= Nils Heribert-Nilsson =

Swedish botanist and geneticist

Nils Heribert-Nilsson (26 May 1883 in Skivarp, Scania – 3 August 1955) was a Swedish botanist and geneticist.

Heribert-Nilsson received his Ph.D. at Lund University in 1915 with the thesis Die Spaltungserscheinungen der Oenothera lamarckiana. From 1934 to 1948 he was professor of botany, in particular systematics, morphology and plant geography, at Lund University.

Heribert-Nilsson was active in plant breeding. His most important research concerned Salix and its taxonomy, which is complicated by frequent hybridization. Among his research on Salix was hybridization studies on Salix viminalis and Salix caprea.

In 1943 he was elected a member of the Royal Swedish Academy of Sciences.

==Emication==
In 1953, Heribert-Nilsson published his most voluminous work Synthetische Artbildung ("Synthetic speciation"). In a review for Science, Joel Hedgpeth summarizes the thesis of the "elegantly printed two-volume opus" as follows:
The concept of evolution as a continuously flowing process can be proved only on Lamarckian lines, since "evolution and Lamarckism are inseparable because they include the same fundamental ideas." There is no proof from the data of genetic recombinations or mutations to support the generally accepted concept of evolution; therefore, evolution is not occurring at this time. Nor does it seem to have occurred in the past, since the fossil record is the result of piling up and preservation of world biota during the periods when the nearness of the moon induced tremendous tidal action (the "Tethys sea") and freezing at high latitudes because of the pulling of air toward the equator hastened such preservation. During these revolutionary periods there was resynthesis of the entire world biota by gene material or gametes along the same basic lines (hence, there is no point to phylogenies, since the similarities of organic life are due to the synthetic activity of similar "gametes"); this process is termed "emication".

Oblivious to continental drift (not a commonly accepted theory at the time), Heribert-Nilsson invokes tremendous tsunamis for the fact that many fossil floras, such as that of the London Clay, consist of species whose modern relatives live in tropical countries far removed from the site of deposition, as G. Ledyard Stebbins writes in an article for The Quarterly Review of Biology in 1955.

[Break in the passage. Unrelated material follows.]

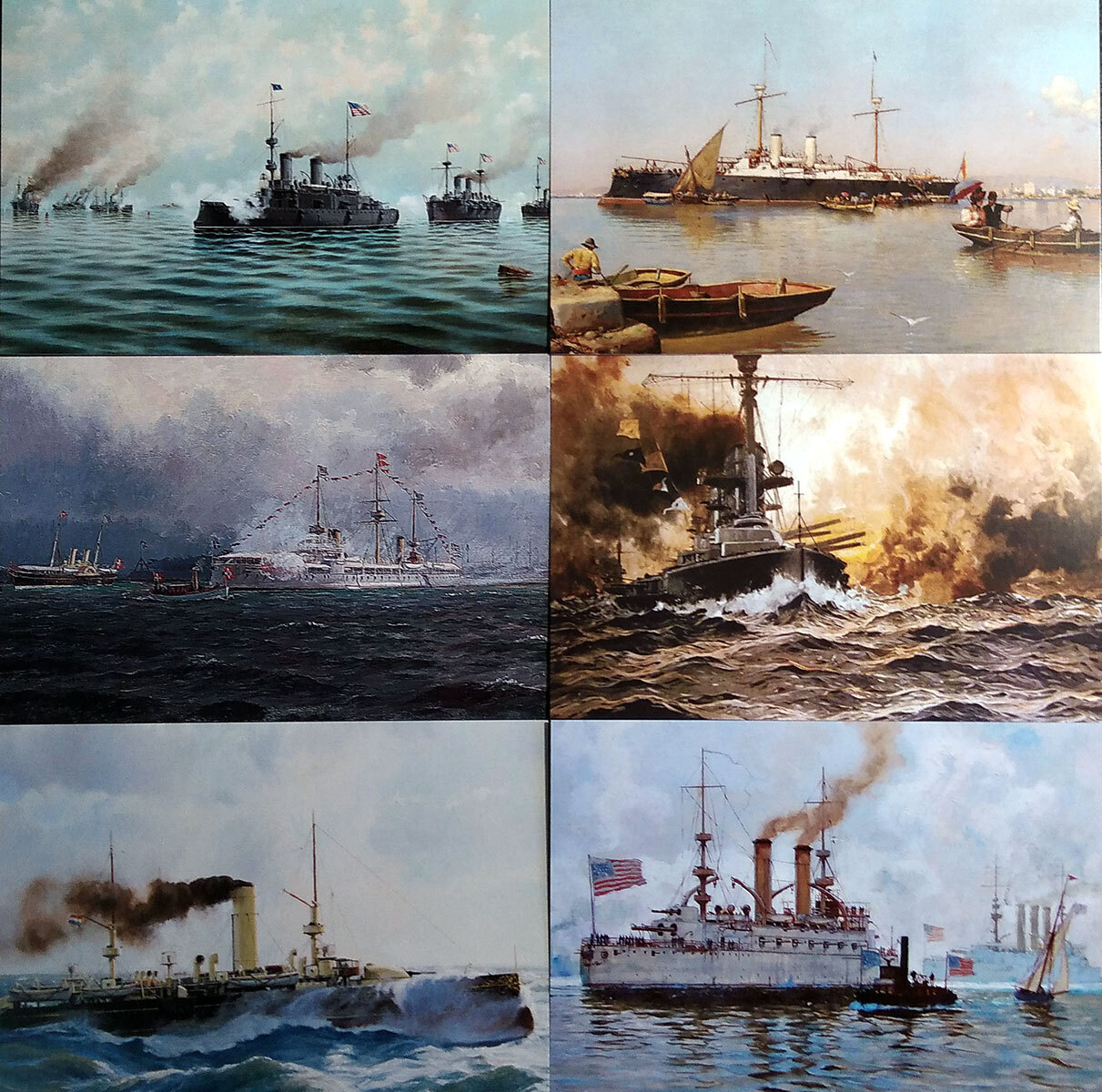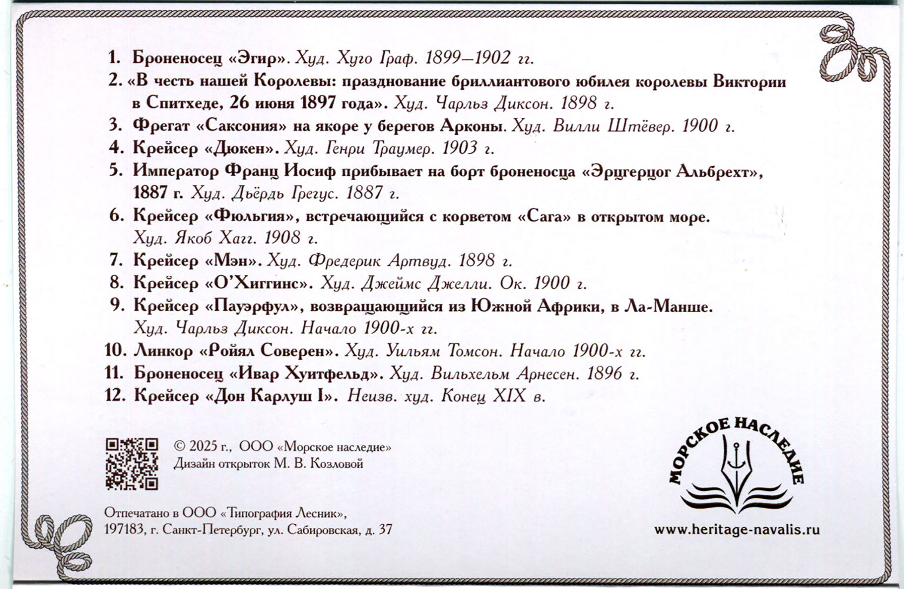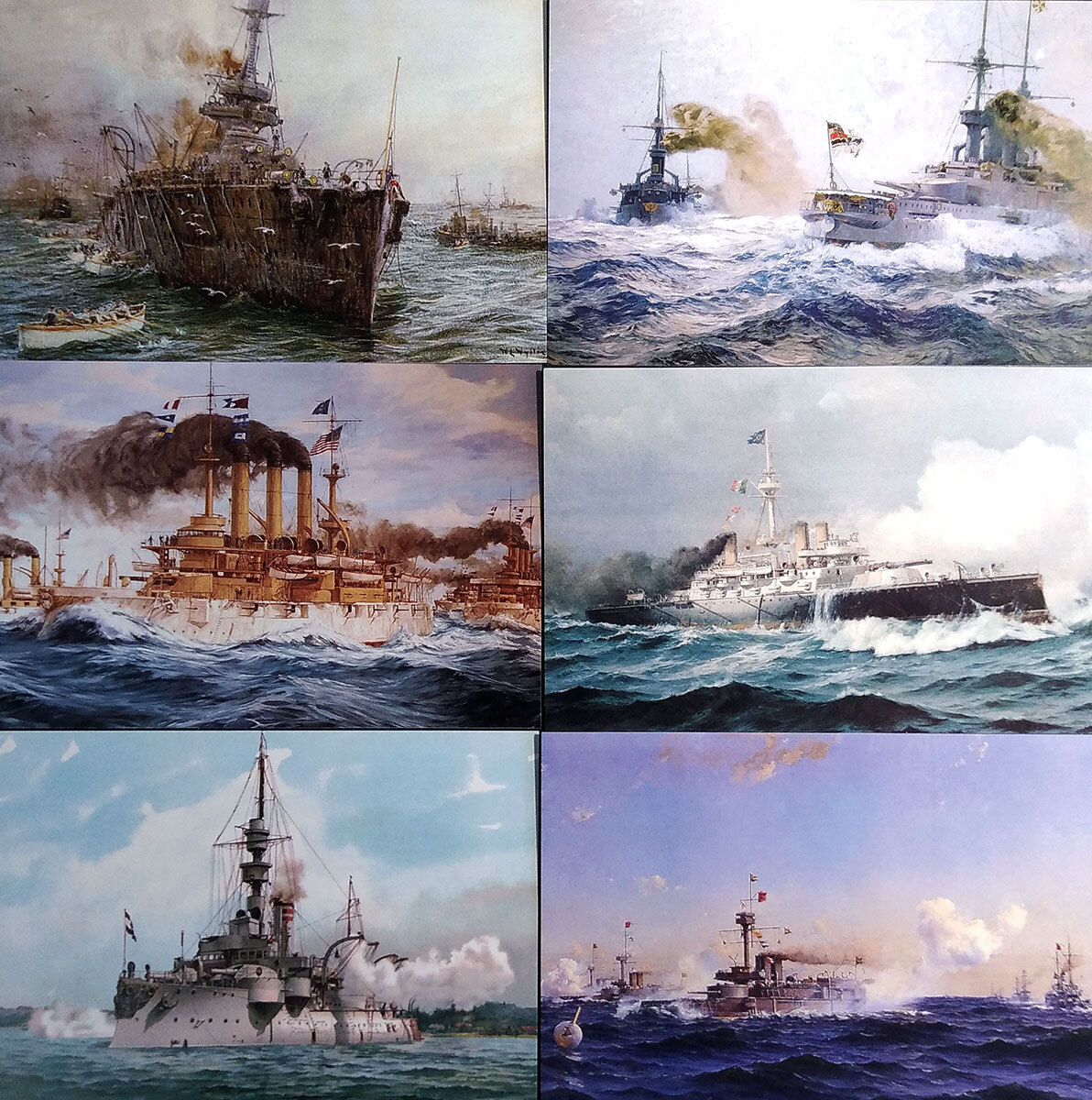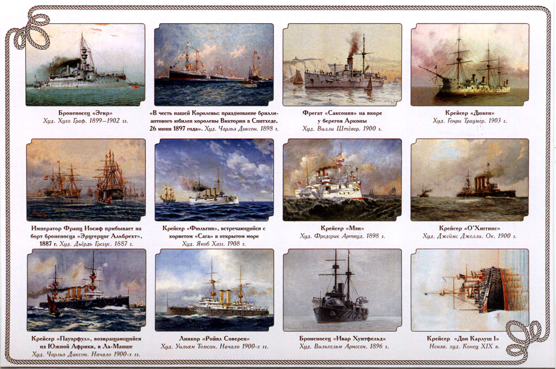 В наборе из двенадцати открыток представлены репродукции картин с изображением кораблей основных классов иностранных флотов, построенных в конце XIX - начале XX века.

According to Stebbins Heribert-Nilsson's final line of "evidence" against evolution consists of an attempt to criticise certain basic principles of genetics, particularly the linear order of the genes on the chromosomes.

==Selected publications==
- Die Spaltungserscheinungen der Oenothera lamarckiana, Ph.D. Thesis, 1915.
- Experimentelle Studien über Variabilität, Spaltung, Artbildung und Evolution in der Gattung Salix, 1918.
- Synthetische Bastardierungsversuche in der Gattung Salix, 1930.
- Linné, Darwin, Mendel: trenne biografiska skisser ("Linnaeus, Darwin, Mendel: three biographic sketches"), popular science, 1930.
- Der Entwicklungsgedanke und die moderne Biologie ("The development thought and modern biology"), 1941.
- Synthetische Artbildung: Grundlinien einer exakten Biologie, 2 vols., 1953.